About the Job: Debbi Regennitter – Landscape and Garden Maintenance Intern

outdoors at a botanical garden with a bucket planted in colorful red flowers that are cascading with orange flowers at the base

Reiman Gardens’ theme this year: color, is expressed in several different ways in different parts of the Gardens.

If color makes you think of rainbows, take a walk through the Children’s Garden to find buckets of color spilling out into the flower beds. The bucket spills are planted with primary color (red, yellow, and blue) flowers where they mix together in the beds to create the secondary colors (orange, green, and purple). If you are looking for something less traditional, check out the brown border located in the Dunlap Courtyard or the silver border next to the brick pathway south of the Mahlstede Building.

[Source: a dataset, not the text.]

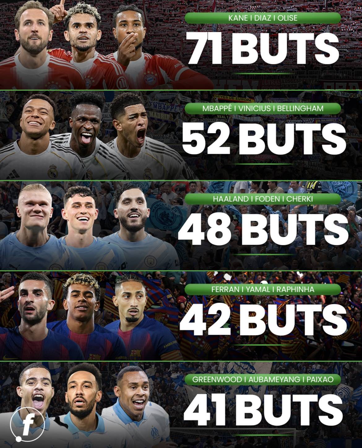 สื่อต่างประเทศได้รวบรวมรายชื่อสามประสานยอดเยี่ยมของสโมสรที่ทำประตูได้มากที่สุดในฤดูกาลนี้ โดยสามประสานของบาเยิร์น มิวนิค ทำประตูรวมได้ 71 ประตู, เรอัล มาดริด 52 ประตู, แมนเชสเตอร์ ซิตี้ 48 ประตู, บาร์เซโลนา 42 ประตู และมาร์กเซย 41 ประตู – ช่องว่างนั้นชัดเจนสำหรับทุกคนที่จะเห็นอย่างไรก็ตาม การจะตัดสินว่าใครคือ "ผู้ยิ่งใหญ่ที่สุด" อย่างแท้จริงนั้น การนับจำนวนประตูรวมเพียงอย่างเดียวอาจยังไม่เพียงพอ คุณภาพของเกียรติยศที่ได้รับ ผลกระทบในแมตช์สำคัญ ความแข็งแกร่งที่เสริมกันของทั้งสามคน ความสม่ำเสมอ รวมถึงศักยภาพในการเติบโตในอีกสองถึงสามปีข้างหน้า ล้วนเป็นปัจจัยที่เปลี่ยนแปลงมุมมอง – ในบรรดาห้าคู่หูนี้ ใครคือสามคนที่แข็งแกร่งที่สุดอย่างแท้จริง?

The Campanile Garden was influenced by British Horticulturalist Gertrude Jekyll. Gertrude was influential to the arts and crafts movement of 1880-1910. Her plantings tended toward vibrant colors in brush stroke swaths. The Campanile Garden looks and feels like a giant garden painting.

Several unexpected twists to color can be found in the Home Production Garden. Besides having a color wheel made up of colorful plates, they have beautiful red, orange, and purple trellises alongside vegetables of matching colors. If you don’t think of carrots as red or peas being purple go check it out.